A acção principal é narrada de acordo com a ordem cronológica. Alguns factos anteriores à história e a morte do pai são relatados em analepses. A acção secundária, que aparece encaixada na principal, é apresentada também em sequência cronológica.
Muitas vezes o narrador utiliza pequenas prolepses em relação à história que está a contar. Recorre à elipse, quando omite os acontecimentos entre as férias da Páscoa e a chegada do Verão
6. Narrador e processo narrativo
>Alberto Soares, o protagonista de Aparição, conta a história que narra e é narrada. É uma figura ambígua, ao assumir-se como a personagem que diz “Eu” e ao apresentar-se como aquele que escreve o que lemos. Na introdução e na parte final, age como o autor que escreve um diário, procurando dar ao leitor a história de uma personagem, que se confunde consigo mesmo. Daí podermos falar de um narrador autodiegético, que surge no texto como protagonista, e de um narrador omnisciente, que constrói em retrospectiva a narração e transparece do texto com a voz de autor-modelo.

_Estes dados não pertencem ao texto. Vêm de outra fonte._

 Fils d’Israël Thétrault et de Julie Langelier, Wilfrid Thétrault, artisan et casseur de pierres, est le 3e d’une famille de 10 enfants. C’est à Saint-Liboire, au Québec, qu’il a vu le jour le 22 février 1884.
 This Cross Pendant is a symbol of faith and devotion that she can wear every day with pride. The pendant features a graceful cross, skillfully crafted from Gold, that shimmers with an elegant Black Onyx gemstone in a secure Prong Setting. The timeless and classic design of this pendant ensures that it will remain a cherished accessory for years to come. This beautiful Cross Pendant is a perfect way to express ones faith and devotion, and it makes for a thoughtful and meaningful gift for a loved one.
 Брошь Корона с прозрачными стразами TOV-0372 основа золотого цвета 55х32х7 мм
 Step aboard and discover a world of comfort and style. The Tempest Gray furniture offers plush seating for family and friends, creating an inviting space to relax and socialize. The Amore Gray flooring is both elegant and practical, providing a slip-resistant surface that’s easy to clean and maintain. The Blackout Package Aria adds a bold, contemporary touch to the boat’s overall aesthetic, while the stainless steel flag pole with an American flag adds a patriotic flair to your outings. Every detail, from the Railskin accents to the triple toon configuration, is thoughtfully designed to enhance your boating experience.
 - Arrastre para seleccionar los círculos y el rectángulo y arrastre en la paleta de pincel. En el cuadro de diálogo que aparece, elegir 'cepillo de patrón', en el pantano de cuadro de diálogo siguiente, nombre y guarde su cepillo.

O narrador de primeira pessoa dirige-se a si próprio e aos outros, mas deixa que seja a personagem Alberto Soares a observar os outros, para procurar neles um rasto de si próprio e a reflectir sobre si mesmo para descobrir a verdade da vida.

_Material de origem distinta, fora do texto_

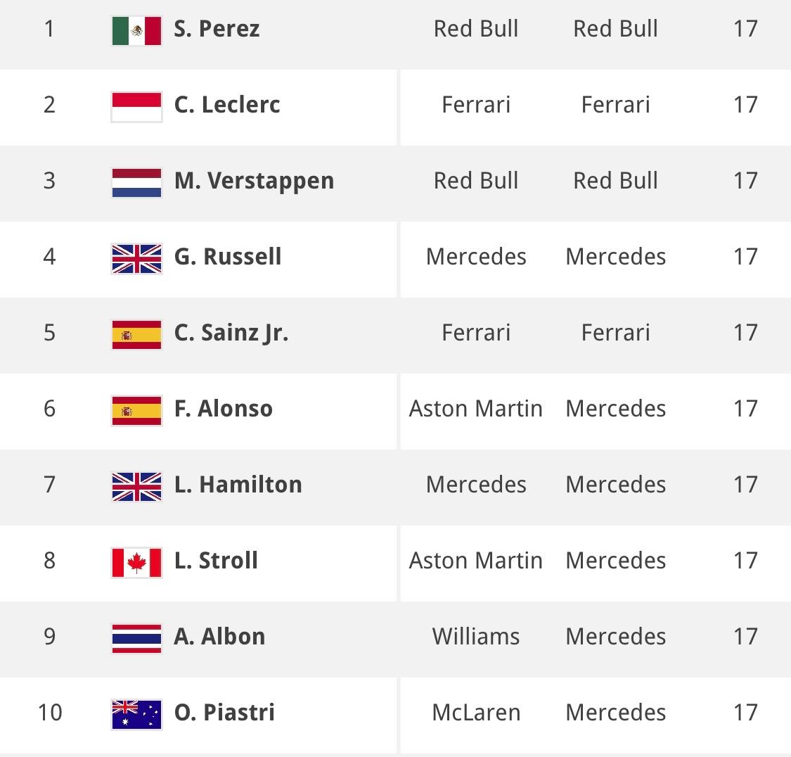 Leclerc sichert sich die Pole auch für das Sprintrennen heute Mittag und verweist beide RedBull auf die Plätze. Auf eine Runde gesehen scheint Ferrari das schnellere Auto zu sein an diesem Wochenende. Mal sehen ob Ferrari das auch im Rennen halten kann. Begeistert war ich von Albon, der eine richtig gute Runde hinlegte und sich vor beiden Aston Martins auf P7 qualifizierte. Hier die Ergebnisse des SQ: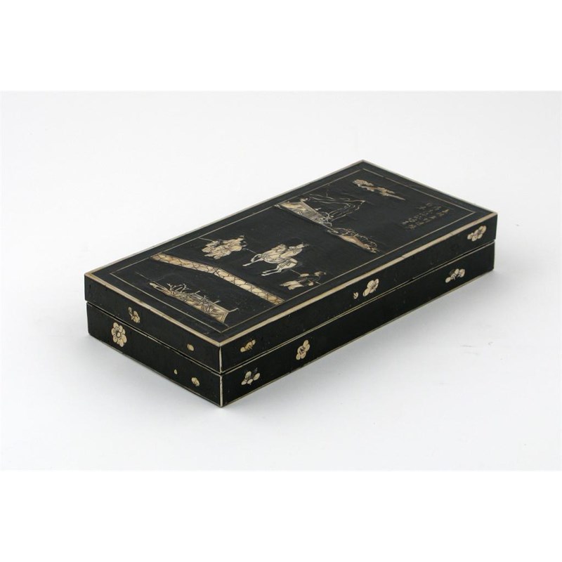 A Chinese black lacquer and ivory-inlaid box and cover, 17th century. Depicting and equestrian figure and three attendants on a bridge, in a watery mountainous landscape, beneath ruyi clouds and three lines of calligraphy, the sides with prunus flowerheads, old restoration, 33.5cm. (2)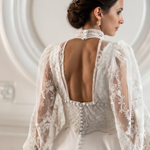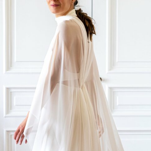 Robe de Lara Robe en crêpe polyester lourd avec des manches courtes et un dos en tulle brodé. Par dessus, une cape en organza de soie toute bordé de galon de tulle brodé. Photos @emmanuelledemontgrand

Romance em primeira pessoa, Aparição oferece-nos um eu-narrador e um eu-personagem que convergem. No prólogo e no epílogo, o sujeito da enunciação inclui-se a si próprio, transformando-se na personagem Alberto, ao longo do desenvolvimento.

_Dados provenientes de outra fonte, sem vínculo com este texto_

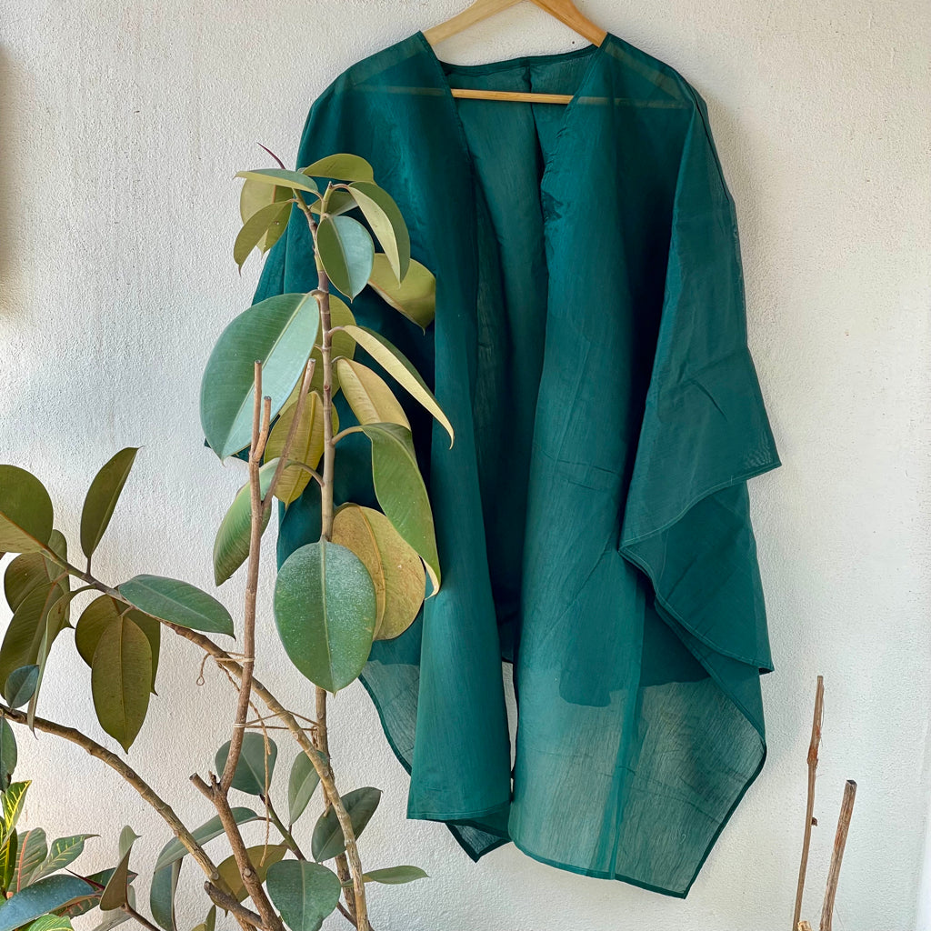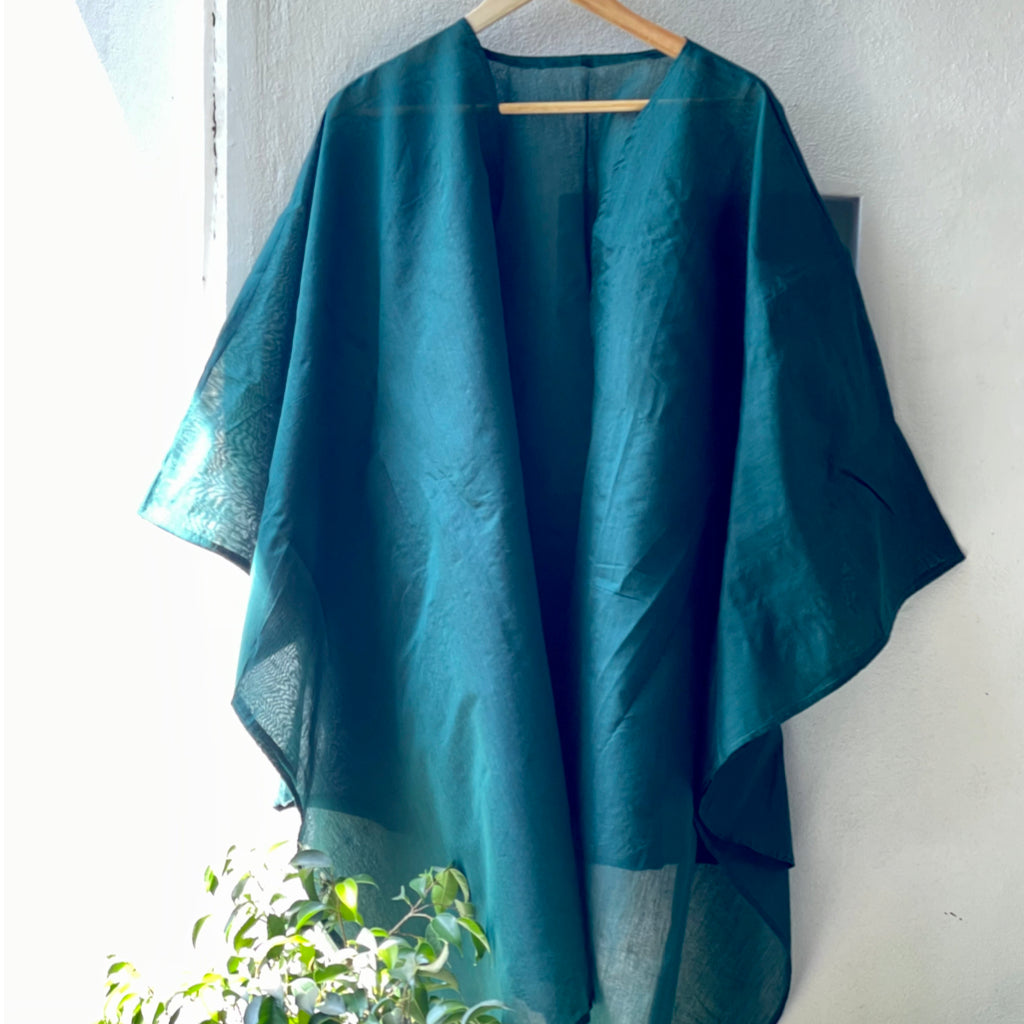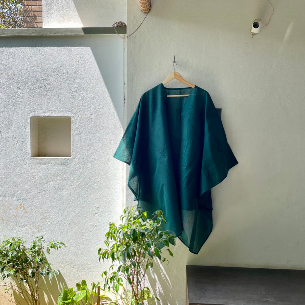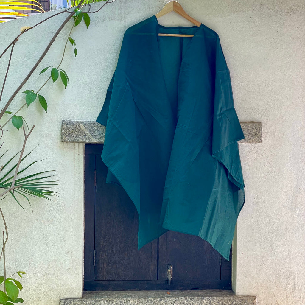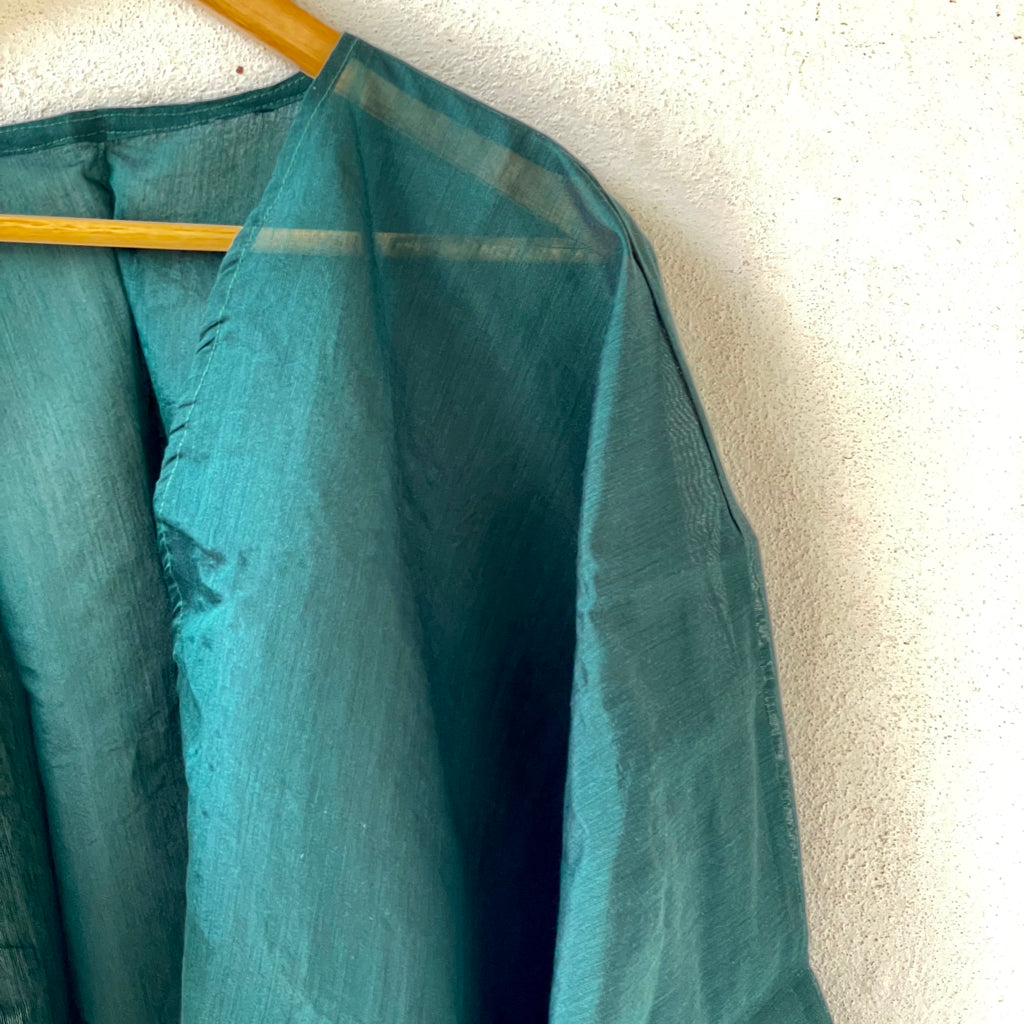 Chanderi—a fabric known for its sheer texture, delicate shine, and regal drape—meets modern styling in teal-hued contemporary shrugs, creating the perfect blend of tradition and trend for elevated evening wear. Contemporary cuts like longline shrugs, cape styles, and structured overlays add a fashion-forward edge to the classic Chanderi. Pair it with -A black slip dress or palazzo set for a glam night out. High-waisted trousers and a crop top for an Indo-western vibe. Chanderi fabric exudes a subtle shimmer that catches the light just right, making it ideal for evening settings. The teal tone brings a sense of freshness and sophistication—calm, confident, and undeniably graceful. Unlike heavy evening layers, Chanderi shrugs are weightless yet impactful. They bring elegance without effort—perfect for dinners, festive evenings, or formal events where you want to shine subtly. The color teal bridges the calm of blue and the energy of green. In Chanderi, it becomes a statement—rich, refined, and ideal for transitioning from daytime subtlety to evening charm. In essence, contemporary Chanderi shrugs in teal offer the best of both worlds: the grandeur of heritage and the simplicity of modern design. They’re perfect for women who want to turn heads without trying too hard.

Ao longo da narração, procura criar coincidências entre o tempo da diegese e o tempo da escrita, fazendo com que dure tempos semelhantes o narrado e a narração.
Diversas vezes, o narrador escreve à distância “de alguns anos”, como quando reproduz o passado, em Évora, a recordar a morte do pai.
A aproximação entre o narrador ou Alberto e o autor Virgílio Ferreira é visível. O próprio refere a sua experiência como professor em Évora e o que desse espaço “transbordou de emoção para a lembrança”.
Em Aparição, observa-se que o narrador relembra e escreve uma história vivida anos antes.
A reflexão e o monólogo interior orientado para a perturbação que constitui o “encontro com a pessoa que nos habita” e que permite uma classificação de Aparição como uma espécie de romance-ensaio.
7. Código da metafísica/ simbologia
>Noite – surge ligada a acontecimentos trágicos que afectam o narrador. A noite favorece a germinação das interrogações, da descoberta, da “aparição” da verdade
>Neve - associa-se à pureza e purificação. Cobre o mundo para que um novo surja. As neves provocam a destruição mas, derretidas em água, favorecem a germinação. A neve liga-se assim à génese da vida.
>Montanha – enigmática, apresenta-se simbólica. Verdadeiro símbolo cósmico, aparece como seio acolhedor, protecção dos perigos da cidade, onde há ausência do mal e se estreita a relação com o sagrado
>Lua - força purificadora, de pureza original e absoluta. Permite a revelação do eu, da angústia e da morte. Aparece associada à noite.
>Chuva – símbolo da fertilidade da terra. Alberto gosta de andar à chuva pois ela surge-lhe como revelação, fertilizando a memória e abrindo-lhe o presente ao passado.
>Vento – É a voz das origens, e também o símbolo da efemeridade.
>Sol – simboliza a vida, a luz e a energia. Ao ser luz, o sol simboliza a revelação de si e dos outros.
>Silêncio - Aparece a traduzir os momentos de reflexão, de busca do eu profundo
>Fogo - destruição. Exprime a catástrofe e a vida. Pode também traduzir o aniquilamento e a força da paixão.
>Música - sensibilidade, a harmonia e o próprio fluir da escrita. Estrutura a narrativa, simbolizando o vibrar da vida, nas suas múltiplas manifestações. A música, o grito, o gesto são vozes das profundezas, ecos de memória.
>Alentejo – símbolo de espaço terrestre. Aparece ligada ao destino trágico da Sofia.
>Cidade – Surge associada aos perigos, à falta de ordem.
>Morte – fim do passado de esplendor, de quem se sentia criador, mas nunca tomou consciência do milagre da vida. Símbolo do vazio, do fim do imediato, da efemeridade da beleza e da sensualidade (Sofia). Símbolo da destruição das mãos de quem quer ser senhor (Carolino). Símbolo do que não comporta o intemporal (Cristina).